The truth is probably that you will get the best results by understanding and choosing the most relevant processes and practices from both disciplines. It’s perfectly possible to use Big Data techniques and tools to extract insights and meaning from information and then use it to drive business growth and improve decision-making without using anything that would correctly be classified as Machine Learning or AI. On the other hand, if you’re using machine learning methods, it’s most likely that your work will tick many of the boxes that qualify it as Big Data – most likely, you will be working with datasets that have volume, velocity, and variety. This is because Machine Learning algorithms need to be trained on data, and in order to become efficient, they need access to a lot of it!
Another way to think of it is that if you’re not working with Big Data, it’s unlikely that you’ll need to use Machine Learning. The main benefit of Machine Learning is that it helps to extract value from datasets that are too complicated for “traditional” computer and statistical analysis. If your dataset is static, structured, and of a manageable size (such as fitting comfortably into an Excel sheet), then Machine Learning – which often requires a large amount of compute power – might be overkill.

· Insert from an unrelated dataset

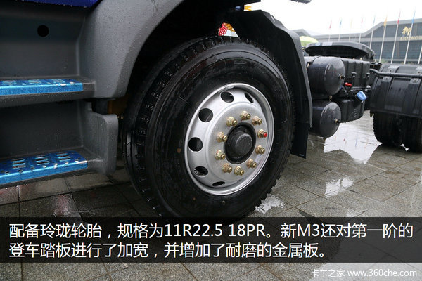 新款M3同样采用的是东风153后桥,与其他车型的后桥相比有着较高性价比。不同的是后桥速比由老款的5.571变更为4.444。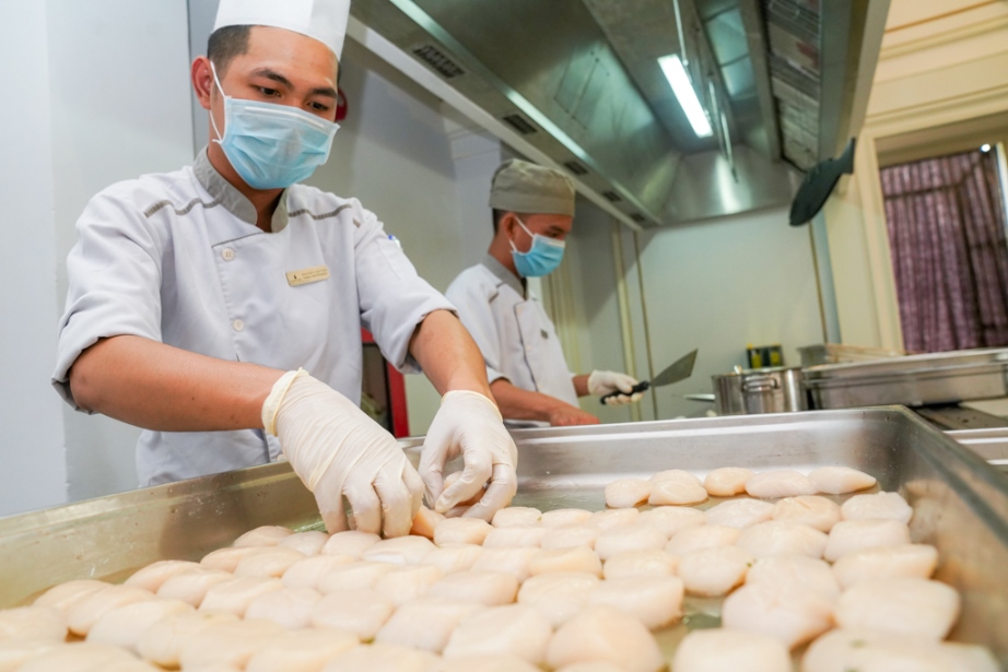 Sò điệp được những đầu bếp chuyên nghiệp của Vinpearl Phú Quốc áp chảo ở nhiệt độ vừa đủ để sò được nguyên vẹn, không vỡ, độ khô vừa phải.

Machine Learning is most appropriate when your data is unstructured – unlabeled text, image, or sound data that you’re never going to make sense of using tools like spreadsheets or relational database systems. This is because Machine Learning algorithms can be used to label unstructured data by applying what it “knows” from other, similar data objects that it’s been trained on. Essentially this transforms unstructured data into structured data, allowing it to be operated on by standard computational methods.
Ultimately, Big Data and Machine Learning are two highly interdependent fields, but it's important to remember that, by default, Big Data doesn't necessarily mean "smart" – unlike Machine Learning, it doesn’t necessarily “learn” anything, and the same algorithm will give you the same result again and again, no matter how many times you run it.
However, Machine Learning needs Big Data in order to work – without it, it’s never going to “learn” anything!
A final concept to cover here that can help make a decision on where you should be focusing your efforts is automation. This means creating processes that carry out tasks automatically, with no (or minimal) need for human input. Setting up an out-of-office auto-reply email is an example of automation that doesn't need any form of Machine Learning or AI – you simply tell the computer that any incoming email should trigger a response.
However, if you want to set up more complex automations – such as varying the reply depending on the content of the email, you might want to look into Machine Learning. Using it, it would be quite possible to create a program that will scan the contents of the email (unstructured data) and then send an appropriate response depending on the urgency (or other factors) of the communication.
You don’t always need both – but Big Data together with Machine Learning makes a very powerful combination.